David uses music. Specifically, a single instrumental playlist he's been using for months — he calls it "the playlist that means work." It's always the same playlist, always from the beginning, always on low volume. He plays it only during his 5am learning sessions.

He chose music deliberately for this session because he found that complete silence, at 5am with most of his brain still warming up, allowed too much mental wandering. The familiar instrumental playlist occupies just enough of his background attention to prevent the mind from drifting, without competing with the cognitive work.

He acknowledges this might not be optimal for everyone. "I actually tested it. I did two weeks with music and two weeks without and tracked my output — lines of code written, questions answered in my session log, concepts I could recall the next day. The music weeks were slightly better for me, though not dramatically." He treats it as a personal data point, not a universal recommendation.


The Results: 18 Months In

David spends two hours per weekday on deep ML learning, plus occasional weekend sessions. In 18 months, he has: - Completed three substantial ML courses (fast.ai, Andrew Ng's Coursera specialization, Stanford CS229 audited) - Read 12 textbooks and monographs on ML topics - Built and deployed four ML projects, including one used by his company - Transitioned from "curious software architect" to "ML-capable architect who handles the ML architecture on production systems"

He attributes roughly equal credit to the techniques he uses (retrieval practice, spaced repetition, deliberate practice on problems, interleaving) and to the environment he created (the room, the ritual, the phone policy, the digital configuration).

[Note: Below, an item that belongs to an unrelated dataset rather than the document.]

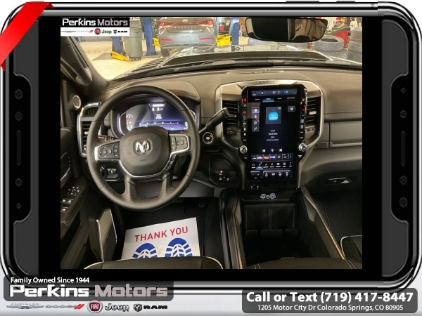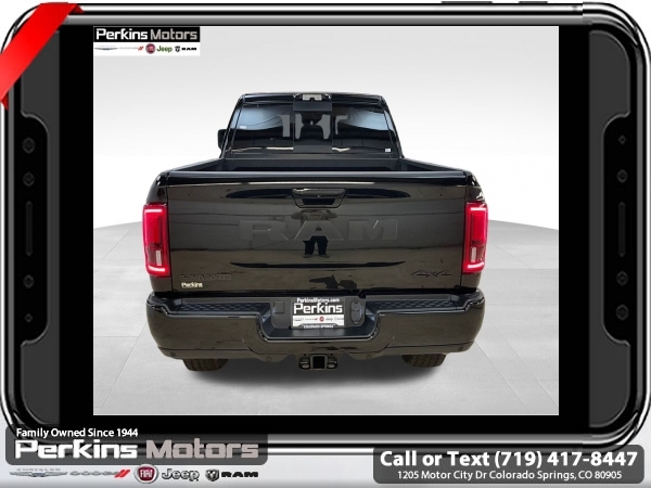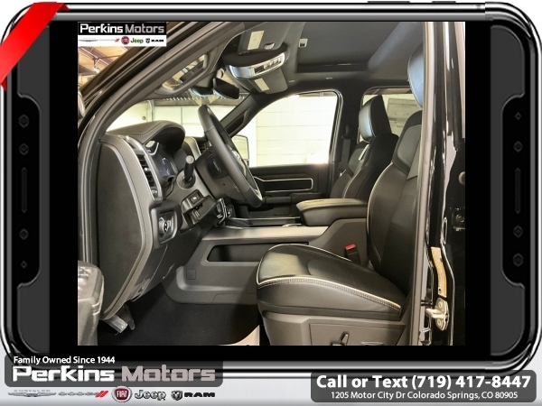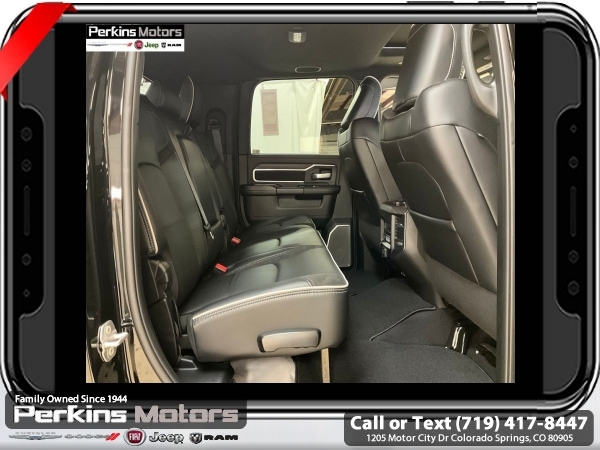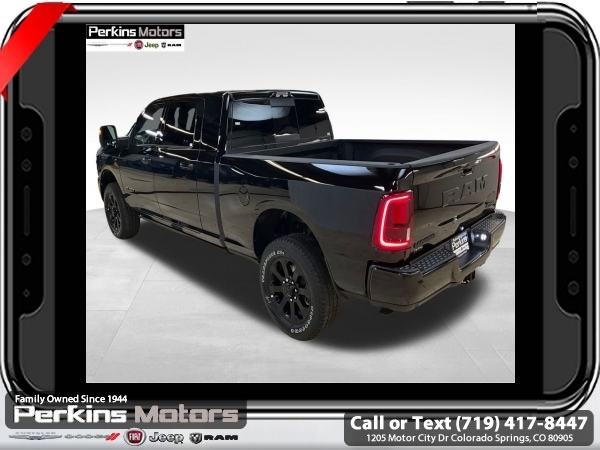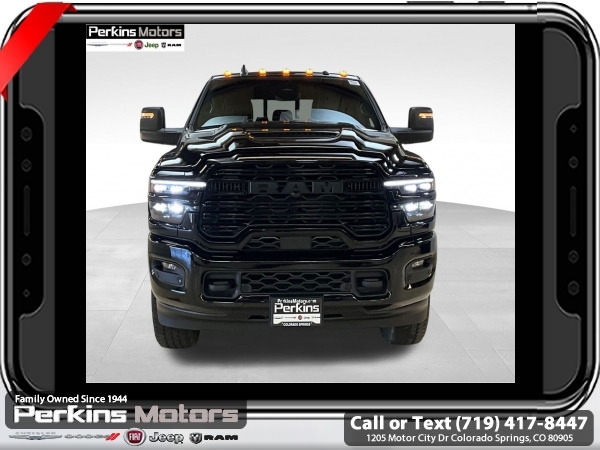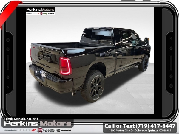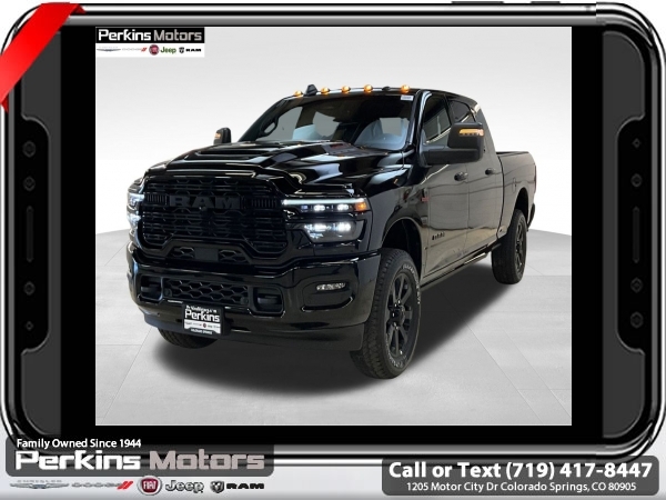 Factory MSRP: $91,400 $4,000 off MSRP! Diamond Black Crystal Pearlcoat 2025 Ram 3500 Laramie 4WD 8-Speed Automatic 6.7L I6<br><br>Check us out at www.perkinsmotors.com to see our specials! Since opening our doors in 1944, we’ve been proud to serve Colorado Springs, CO, and the surrounding areas of Pueblo, Castle Rock and Denver, CO. Throughout this time of being family owned for 80 years, we’ve maintained a firm commitment to our customers: to offer a wide selection of New Chrysler, Dodge, Fiat, Jeep, and Ram vehicles and quality pre-owned vehicles, and provide a quick, no-hassle car-buying process that ensures everyone drives off the lot satisfied with their purchase.<br><br>Cold Weather Group (Engine Block Heater and MOPAR Winter Front Grille Cover), Laramie Level 2 Plus Equipment Group (#1 Seat Foam Cushion, 115V Auxiliary Rear Power Outlet, 14.4 Touchscreen Display, 17 Speaker harman/kardon Premium Sound, 2 Way Rear Headrest Seat, 4 Way Front Headrests, 4G LTE Wi-Fi Hot Spot, Active Lane Management System, Adaptive Steering System, Alexa Built-In, Apple CarPlay, Auto Adjust In Reverse Exterior Mirrors, Auto Dim Exterior Mirror, Auto High Beam Headlamp Control, Auto-Dimming Exterior Passenger Mirror, Bucket Seats, Center Stop Lamp w/Cargo View Camera, Chrome Exterior Mirrors, Connected Travel & Traffic Services, Connectivity - US/Canada, Disassociated Touchscreen Display, Drowsy Driver Detection, Dual Wireless Charging Pad, Emergency Vehicle Alert System (EVAS), Exterior Mirrors Courtesy Lamps, Exterior Mirrors w/Heating Element, Exterior Mirrors w/Memory, Exterior Mirrors w/Supplemental Signals, Foam Bottle Insert (Door Trim Panel), For Details Visit DriveUconnect.com, For More Info, Call 800-643-2112, Forward & Reverse Utility Lights, Front Seat Back Map Pockets, Full Length Upgraded Floor Console, Global Telematics Box Module (TBM), Google Android Auto, GPS Antenna Input, GPS Navigation, HD Radio, Heated Front Seats, Heated Steering Wheel, High Back Seats, Integrated Voice Command w/Bluetooth, Leather Trimmed Bucket Seats, LED Bed Lighting, Mirror Running Lights, MOPAR Deployable Bed Step, MOPAR Spray In Bedliner, Off-Road Information Pages, Power 2-Way Driver Lumbar Adjust, Power 2-Way Passenger Lumbar Adjust, Power Adjust 8-Way Driver Seat, Power Adjust 8-Way Front Passenger Seat, Power Adjust Mirrors, Power Adjustable Pedals w/Memory, Power Deployable Running Boards, Power Heated Folding Telescopic Mirrors w/Memory, Power Telescoping Mirrors, Power-Adjustable Convex Aux Mirrors, Radio: Uconnect 5 Nav w/14.4 Display, Radio/Driver Seat/Mirrors/Pedals Memory, Rain Sensitive Windshield Wipers, Rear 60/40 Folding Seat, Remote Tailgate Release, Selectable Tire Fill Alert, SiriusXM Radio Service, SiriusXM w/360L, Traffic Sign Recognition, Trailer Tow Pages, and Ventilated Front Seats), Night Edition (Black Exterior Truck Badging, Black Wheel Center Hub, Body Color Grille Surround, Gloss Black Grille Billets/Accents, and Sport Performance Hood), Quick Order Package 24H Laramie, 10 Speakers, 3.42 Axle Ratio, 4-Wheel Disc Brakes, 5th Wheel/Gooseneck Towing Prep Group, ABS brakes, Air Conditioning, Alloy wheels, AM/FM radio: SiriusXM with 360L, Apple CarPlay/Android Auto, Auto Power-Folding Mirrors, Auto-dimming Rear-View mirror, Automatic temperature control, Brake assist, Bumpers: body-color, Clearance Lamps, Compass, Cruise Control, Delay-off headlights, Driver door bin, Driver vanity mirror, Dual front impact airbags, Dual front side impact airbags, Electronic Stability Control, Front anti-roll bar, Front Center Armrest w/Storage, Front dual zone A/C, Front fog lights, Front License Plate Bracket, Front reading lights, Fully automatic headlights, Garage door transmitter, Heated door mirrors, Heated front seats, Heated steering wheel, Illum Sale price includes all manufacture's incentives and dealer discounts. Sale price not available on lease or compatible with special APR. $1000 - 2025 National Bonus Cash . Exp. 0

"The techniques give you the direction; the environment gives you the traction. Without the room and the ritual, I'd still be trying to study at 9pm with my work phone buzzing and the TV on in the background. Without the techniques, I'd be spending two focused hours rereading things I already know. You need both."


What Others Can Steal from David's Setup

You almost certainly can't replicate David's exact setup. You may not have a spare room. You might not be able to wake up at 5am. But the principles are universally applicable:

  1. Dedicate a specific location to deep learning — and use it only for that. Even a specific chair. Even a specific corner of a room.
  2. Put the phone physically out of reach, not just face-down. "Another room" is dramatically more effective than "same room but in a drawer."
  3. Pre-configure your digital environment the night before. Stage what you'll work on. Make the first decision of the session "sit down," not "figure out what to do."
  4. Design a startup ritual and repeat it without variation. The ritual is the cue. It only works if it's consistent.
  5. Find the time in your day when your brain is freshest and protect it for your most important learning. For David it's 5am. For you it might be a different time. But if your best cognitive hours are going to work or social media, your learning is running on the remainder.